§ **Prompt**:
If an entry holds a picture, leave the picture out and output everything else exactly.

§ **Record extracts**:
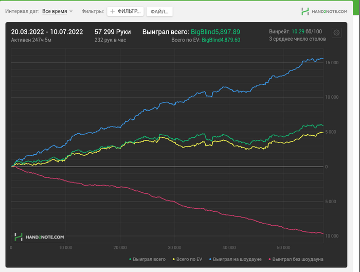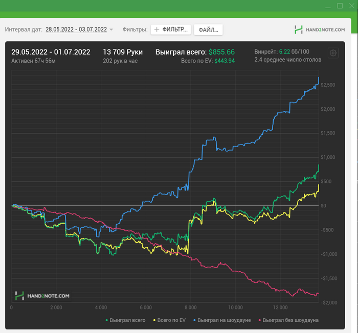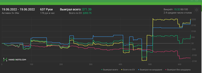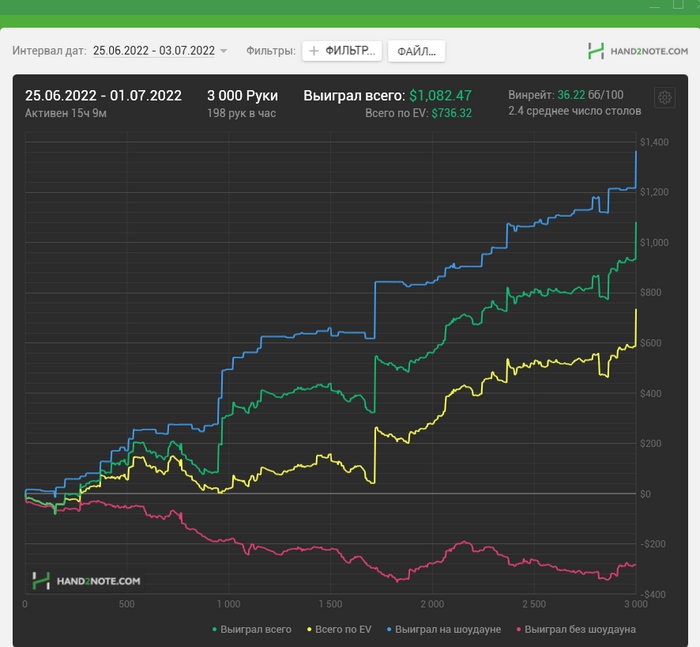 Отыграл 3ий пакет рук в фонде (~20к рук), с учетом того, как я его начал (с минуса около 300$), результат вполне норм
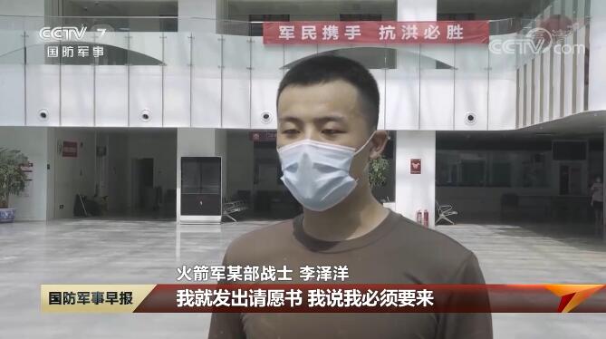 火箭军某部战士 李泽洋:在这次任务还没有出发之前,我就发出请愿书,我说我必须要来,我是“00后”,我们一定要在抗洪现场把老一辈的精神继续传承下去,继续发扬光大。
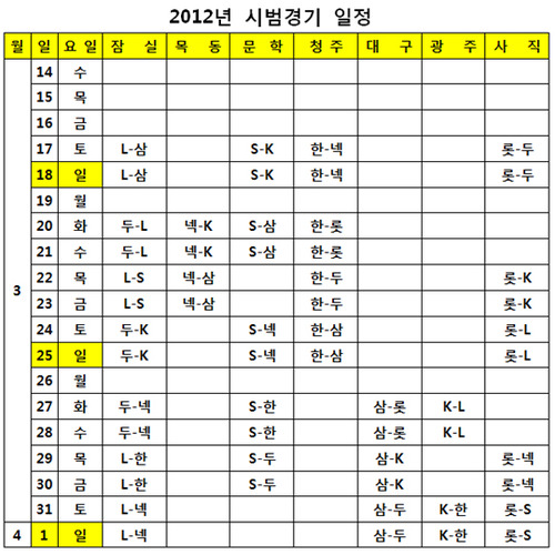 한국야구위원회(KBO)는 오는 3월 17일 개막되는 2012 프로야구 시범경기 일정을 발표했다.
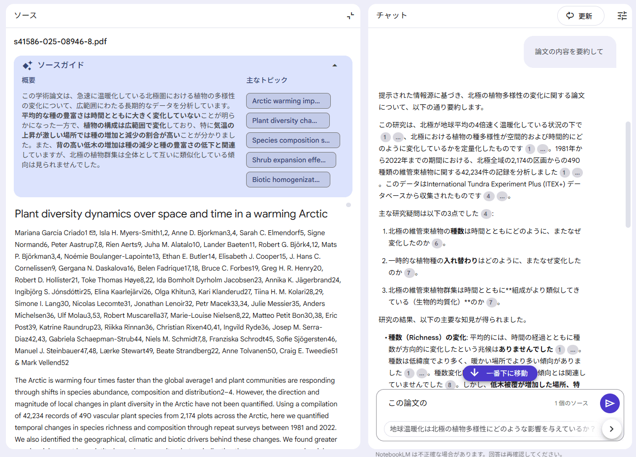 中央のチャット画面では、アップロードしたテキストの内容に基づいて要約・質問などを行うことができます。
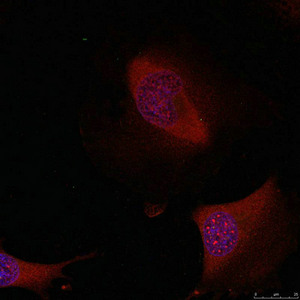 Immunofluorescence staining of methanol-fixed Hela cells using ATF2(Ab-62 or 44) Antibody.
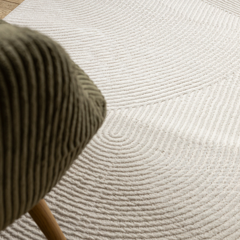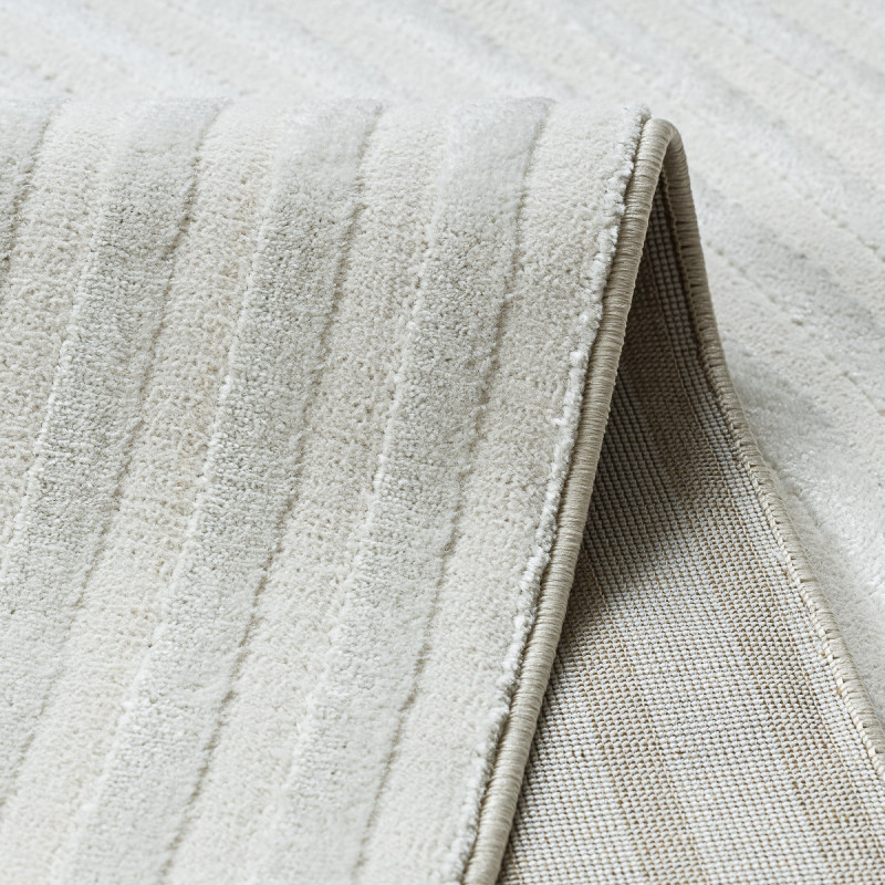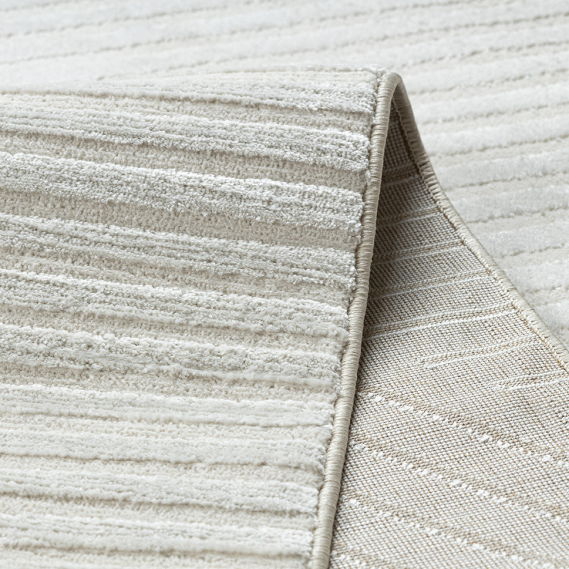 Koberec Balance 1503 cream je ako pokojná hladina jazera, do ktorej niekto kreslí jemné vlny. Krémový odtieň navodzuje pocit čistoty a ľahkosti, zatiaľ čo geometrický motív so šikmými líniami vnáša do priestoru rytmus a pohyb. Vďaka typu vlasu dvoch výšok sa na koberci krásne láme svetlo a vytvára jemnú hru tieňov, ktorá nikdy neomrzí. Materiál z...
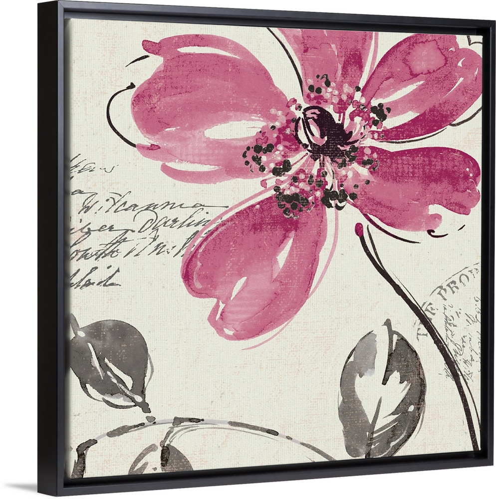 <p>This square shaped decorative accent for the home of office shows an ink drawing of a large five petal flower with hand written text in the background.</p>
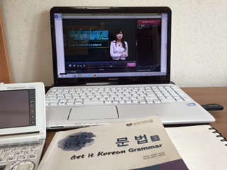 「マスターコリアン」という教材で、パソコンや携帯電話で手軽に語学堂の先生の講義を受けることができます。私が考えるオンライン授業の利点は2つあります。
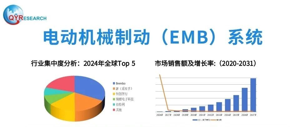 电子机械制动( EMB )系统在现代汽车工业中扮演着重要的角色,它融合了电子控制技术和机械制动系统,为车辆提供了更高效、智能的制 动解决方案。纯电控制的电子机械制动系统( EMB )完全不含机械结构,由电机产生制动力,控制制动器制动。在后续发展中完全通过信号 线接受计算机提供的制动信号来提供制动力,因此也成为线控系统。 注:当前 市场 EHB 液压式线控制动是主流系统, EMB 是未来发展方向,目前 EMB 产品尚未商业化, 但是已经有部分企业已经实现了 EMB 系统 的 完 整 设计并且通过 整车 试验,并给出了预计的商业化年限。 本报告中, 2022 年 -20 25 年的数据基于 EMB 制造商测试样本产生的收入, 2 026 -203 7 年 的数据基于 EMB 逐步商业化后的预测数据。 QYR 电动机械制动(EMB)系统行业目前现状分析 研发进度与技术成熟度 当前 EMB 经过二十余年的技术演进,随着电机、传动机构与控制算法的进步,研发进入从试验样机向小批量可量产的转化期。核心技术集中 在小直径高精度电机、滚珠丝杠等高精传动件、轮边执行器的热管理与磁衰退控制、以及能够替代传统力传感器的电机闭环控制算 ...
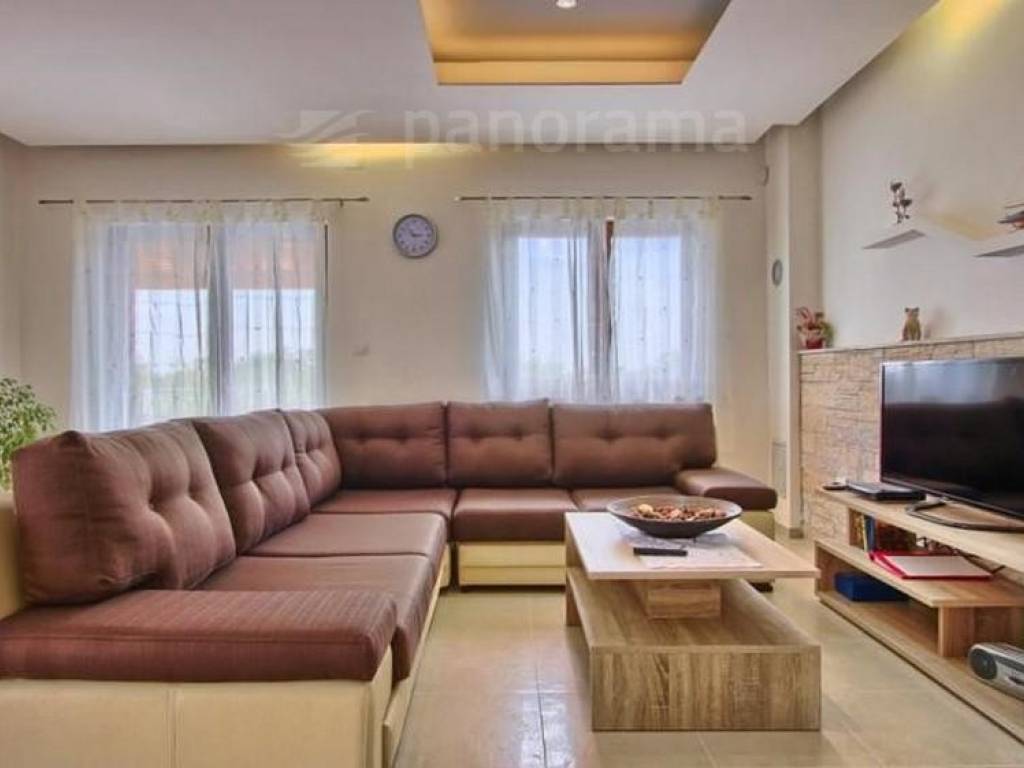 Im Erdgeschoss gibt es ein großes Wohnzimmer, eine Küche und ein Esszimmer, von denen sich die gesamte Länge der Wohnung auf einer großen überdachten Terrasse erstreckt, 1 Badezimmer, 1 Schlafzimmer mit Bad und Flur.
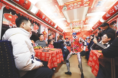 在列车“春晚”上走红的仿生机器人。新华社发
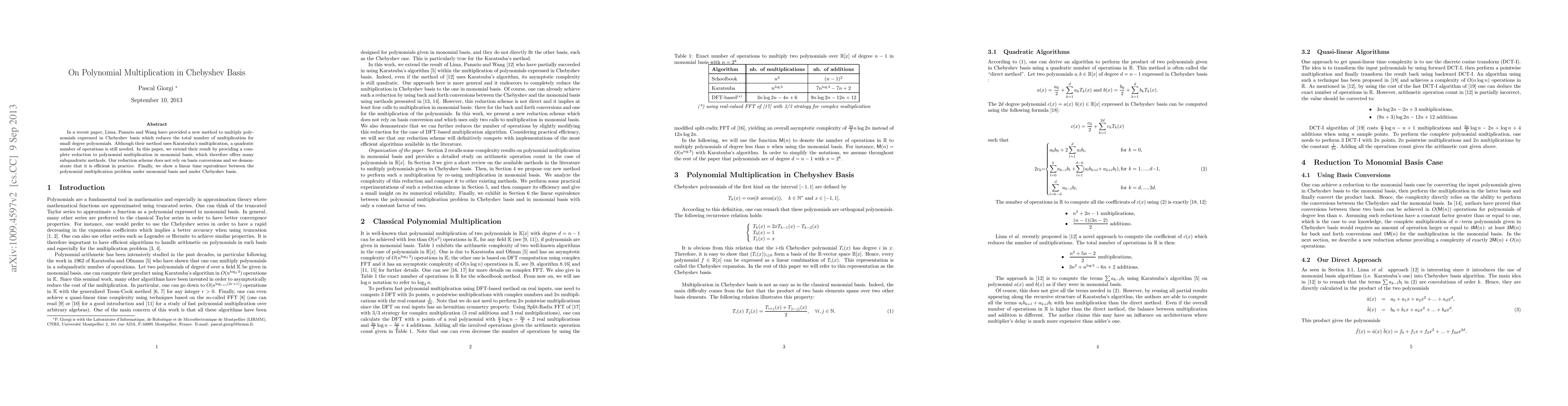 In a recent paper Lima, Panario and Wang have provided a new method to multiply polynomials in Chebyshev basis which aims at reducing the total number of multiplication when polynomials have small degree. Their idea is to use Karatsuba's multiplication scheme to improve upon the naive method but without being able to get rid of its quadratic complexity. In this paper, we extend their result by providing a reduction scheme which allows to multiply polynomial in Chebyshev basis by using algorithms from the monomial basis case and therefore get the same asymptotic complexity estimate. Our reduction allows to use any of these algorithms without converting polynomials input to monomial basis which therefore provide a more direct reduction scheme then the one using conversions. We also demonstrate that our reduction is efficient in practice, and even outperform the performance of the best known algorithm for Chebyshev basis when polynomials have large degree. Finally, we demonstrate a linear time equivalence between the polynomial multiplication problem under monomial basis and under Chebyshev basis.
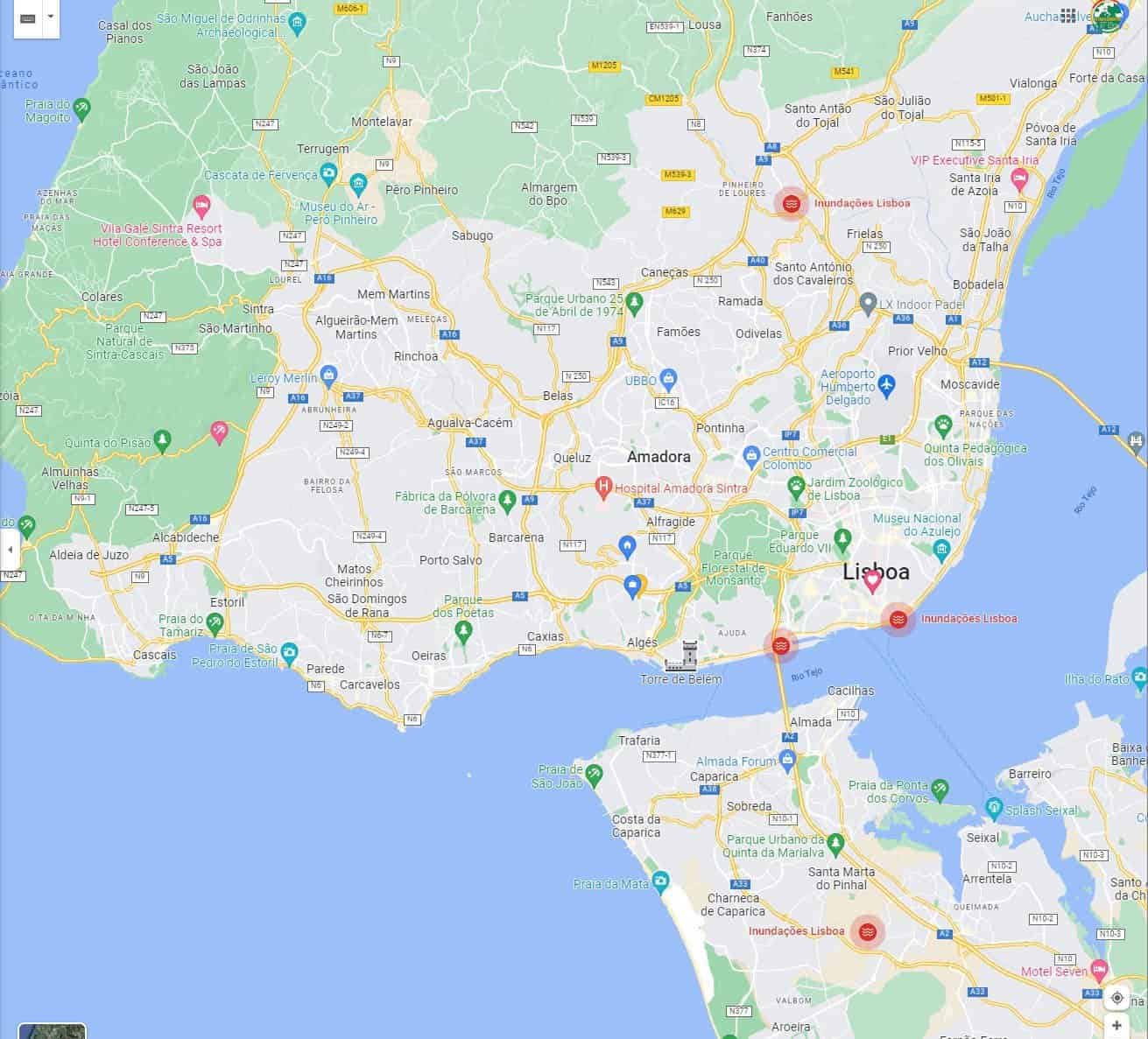 Veja os locais inundados em Lisboa no Google Maps

§ **Your response**:
 Отыграл 3ий пакет рук в фонде (~20к рук), с учетом того, как я его начал (с минуса около 300$), результат вполне норм
 火箭军某部战士 李泽洋:在这次任务还没有出发之前,我就发出请愿书,我说我必须要来,我是“00后”,我们一定要在抗洪现场把老一辈的精神继续传承下去,继续发扬光大。
 한국야구위원회(KBO)는 오는 3월 17일 개막되는 2012 프로야구 시범경기 일정을 발표했다.
 中央のチャット画面では、アップロードしたテキストの内容に基づいて要約・質問などを行うことができます。
 Immunofluorescence staining of methanol-fixed Hela cells using ATF2(Ab-62 or 44) Antibody.
 Koberec Balance 1503 cream je ako pokojná hladina jazera, do ktorej niekto kreslí jemné vlny. Krémový odtieň navodzuje pocit čistoty a ľahkosti, zatiaľ čo geometrický motív so šikmými líniami vnáša do priestoru rytmus a pohyb. Vďaka typu vlasu dvoch výšok sa na koberci krásne láme svetlo a vytvára jemnú hru tieňov, ktorá nikdy neomrzí. Materiál z...
 <p>This square shaped decorative accent for the home of office shows an ink drawing of a large five petal flower with hand written text in the background.</p>
 「マスターコリアン」という教材で、パソコンや携帯電話で手軽に語学堂の先生の講義を受けることができます。私が考えるオンライン授業の利点は2つあります。
 电子机械制动( EMB )系统在现代汽车工业中扮演着重要的角色,它融合了电子控制技术和机械制动系统,为车辆提供了更高效、智能的制 动解决方案。纯电控制的电子机械制动系统( EMB )完全不含机械结构,由电机产生制动力,控制制动器制动。在后续发展中完全通过信号 线接受计算机提供的制动信号来提供制动力,因此也成为线控系统。 注:当前 市场 EHB 液压式线控制动是主流系统, EMB 是未来发展方向,目前 EMB 产品尚未商业化, 但是已经有部分企业已经实现了 EMB 系统 的 完 整 设计并且通过 整车 试验,并给出了预计的商业化年限。 本报告中, 2022 年 -20 25 年的数据基于 EMB 制造商测试样本产生的收入, 2 026 -203 7 年 的数据基于 EMB 逐步商业化后的预测数据。 QYR 电动机械制动(EMB)系统行业目前现状分析 研发进度与技术成熟度 当前 EMB 经过二十余年的技术演进,随着电机、传动机构与控制算法的进步,研发进入从试验样机向小批量可量产的转化期。核心技术集中 在小直径高精度电机、滚珠丝杠等高精传动件、轮边执行器的热管理与磁衰退控制、以及能够替代传统力传感器的电机闭环控制算 ...
 Im Erdgeschoss gibt es ein großes Wohnzimmer, eine Küche und ein Esszimmer, von denen sich die gesamte Länge der Wohnung auf einer großen überdachten Terrasse erstreckt, 1 Badezimmer, 1 Schlafzimmer mit Bad und Flur.
 在列车“春晚”上走红的仿生机器人。新华社发
 In a recent paper Lima, Panario and Wang have provided a new method to multiply polynomials in Chebyshev basis which aims at reducing the total number of multiplication when polynomials have small degree. Their idea is to use Karatsuba's multiplication scheme to improve upon the naive method but without being able to get rid of its quadratic complexity. In this paper, we extend their result by providing a reduction scheme which allows to multiply polynomial in Chebyshev basis by using algorithms from the monomial basis case and therefore get the same asymptotic complexity estimate. Our reduction allows to use any of these algorithms without converting polynomials input to monomial basis which therefore provide a more direct reduction scheme then the one using conversions. We also demonstrate that our reduction is efficient in practice, and even outperform the performance of the best known algorithm for Chebyshev basis when polynomials have large degree. Finally, we demonstrate a linear time equivalence between the polynomial multiplication problem under monomial basis and under Chebyshev basis.
 Veja os locais inundados em Lisboa no Google Maps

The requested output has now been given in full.